Transcribe the entire listing faithfully; every line must match the original.

Entries supplied:
"""

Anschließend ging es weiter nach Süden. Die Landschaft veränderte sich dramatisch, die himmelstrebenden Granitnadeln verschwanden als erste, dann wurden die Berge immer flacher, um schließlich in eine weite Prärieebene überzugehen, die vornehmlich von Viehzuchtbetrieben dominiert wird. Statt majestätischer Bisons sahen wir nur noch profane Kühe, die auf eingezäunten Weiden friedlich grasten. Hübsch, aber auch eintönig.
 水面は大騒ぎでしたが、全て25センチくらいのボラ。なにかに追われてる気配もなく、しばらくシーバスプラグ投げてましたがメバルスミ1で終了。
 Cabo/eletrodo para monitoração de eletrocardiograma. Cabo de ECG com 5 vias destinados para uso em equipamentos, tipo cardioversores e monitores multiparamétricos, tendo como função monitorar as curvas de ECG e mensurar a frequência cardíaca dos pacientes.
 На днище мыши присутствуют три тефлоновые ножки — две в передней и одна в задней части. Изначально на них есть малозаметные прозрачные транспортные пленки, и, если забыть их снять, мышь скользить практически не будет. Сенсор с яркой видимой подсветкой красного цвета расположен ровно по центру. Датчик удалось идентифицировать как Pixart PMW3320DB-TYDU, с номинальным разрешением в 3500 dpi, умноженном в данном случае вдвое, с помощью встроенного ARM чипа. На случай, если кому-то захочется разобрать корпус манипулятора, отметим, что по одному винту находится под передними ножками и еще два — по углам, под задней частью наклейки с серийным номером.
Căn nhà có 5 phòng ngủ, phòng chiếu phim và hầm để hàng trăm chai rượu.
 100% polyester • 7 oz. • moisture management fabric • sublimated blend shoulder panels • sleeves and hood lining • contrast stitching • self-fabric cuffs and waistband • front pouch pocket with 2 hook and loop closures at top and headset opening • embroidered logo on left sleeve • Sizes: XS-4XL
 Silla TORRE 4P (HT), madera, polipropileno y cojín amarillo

"""

Reply to the task:
Anschließend ging es weiter nach Süden. Die Landschaft veränderte sich dramatisch, die himmelstrebenden Granitnadeln verschwanden als erste, dann wurden die Berge immer flacher, um schließlich in eine weite Prärieebene überzugehen, die vornehmlich von Viehzuchtbetrieben dominiert wird. Statt majestätischer Bisons sahen wir nur noch profane Kühe, die auf eingezäunten Weiden friedlich grasten. Hübsch, aber auch eintönig.
 水面は大騒ぎでしたが、全て25センチくらいのボラ。なにかに追われてる気配もなく、しばらくシーバスプラグ投げてましたがメバルスミ1で終了。
 Cabo/eletrodo para monitoração de eletrocardiograma. Cabo de ECG com 5 vias destinados para uso em equipamentos, tipo cardioversores e monitores multiparamétricos, tendo como função monitorar as curvas de ECG e mensurar a frequência cardíaca dos pacientes.
 На днище мыши присутствуют три тефлоновые ножки — две в передней и одна в задней части. Изначально на них есть малозаметные прозрачные транспортные пленки, и, если забыть их снять, мышь скользить практически не будет. Сенсор с яркой видимой подсветкой красного цвета расположен ровно по центру. Датчик удалось идентифицировать как Pixart PMW3320DB-TYDU, с номинальным разрешением в 3500 dpi, умноженном в данном случае вдвое, с помощью встроенного ARM чипа. На случай, если кому-то захочется разобрать корпус манипулятора, отметим, что по одному винту находится под передними ножками и еще два — по углам, под задней частью наклейки с серийным номером.
Căn nhà có 5 phòng ngủ, phòng chiếu phim và hầm để hàng trăm chai rượu.
 100% polyester • 7 oz. • moisture management fabric • sublimated blend shoulder panels • sleeves and hood lining • contrast stitching • self-fabric cuffs and waistband • front pouch pocket with 2 hook and loop closures at top and headset opening • embroidered logo on left sleeve • Sizes: XS-4XL
 Silla TORRE 4P (HT), madera, polipropileno y cojín amarillo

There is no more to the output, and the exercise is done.